EXERCISE INSTRUCTIONS:
Give the data again in full, without pictures.

SOURCE MATERIAL:
--- START ---

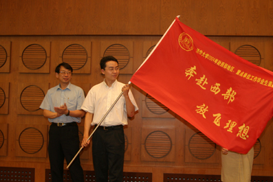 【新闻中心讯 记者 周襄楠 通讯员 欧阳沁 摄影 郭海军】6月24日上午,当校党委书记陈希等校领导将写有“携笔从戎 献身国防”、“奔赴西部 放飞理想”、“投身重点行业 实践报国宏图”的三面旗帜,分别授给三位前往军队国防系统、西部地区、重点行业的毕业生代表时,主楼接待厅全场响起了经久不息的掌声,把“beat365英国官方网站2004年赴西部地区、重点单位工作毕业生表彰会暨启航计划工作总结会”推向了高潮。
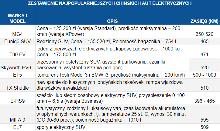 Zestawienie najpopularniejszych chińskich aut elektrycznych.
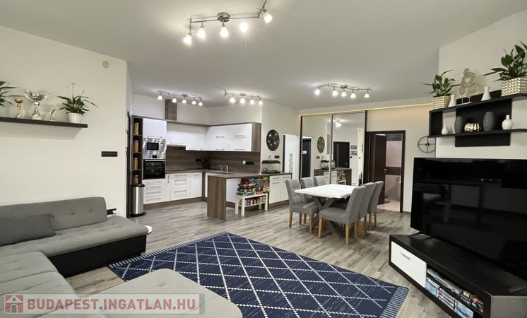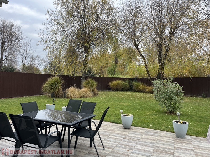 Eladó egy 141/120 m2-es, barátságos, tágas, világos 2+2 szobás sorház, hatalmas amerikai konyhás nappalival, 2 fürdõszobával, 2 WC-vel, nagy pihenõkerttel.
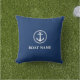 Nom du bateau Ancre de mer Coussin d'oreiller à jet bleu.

--- END ---

REPLY TO THE EXERCISE:
 【新闻中心讯 记者 周襄楠 通讯员 欧阳沁 摄影 郭海军】6月24日上午,当校党委书记陈希等校领导将写有“携笔从戎 献身国防”、“奔赴西部 放飞理想”、“投身重点行业 实践报国宏图”的三面旗帜,分别授给三位前往军队国防系统、西部地区、重点行业的毕业生代表时,主楼接待厅全场响起了经久不息的掌声,把“beat365英国官方网站2004年赴西部地区、重点单位工作毕业生表彰会暨启航计划工作总结会”推向了高潮。
 Zestawienie najpopularniejszych chińskich aut elektrycznych.
 Eladó egy 141/120 m2-es, barátságos, tágas, világos 2+2 szobás sorház, hatalmas amerikai konyhás nappalival, 2 fürdõszobával, 2 WC-vel, nagy pihenõkerttel.
 Nom du bateau Ancre de mer Coussin d'oreiller à jet bleu.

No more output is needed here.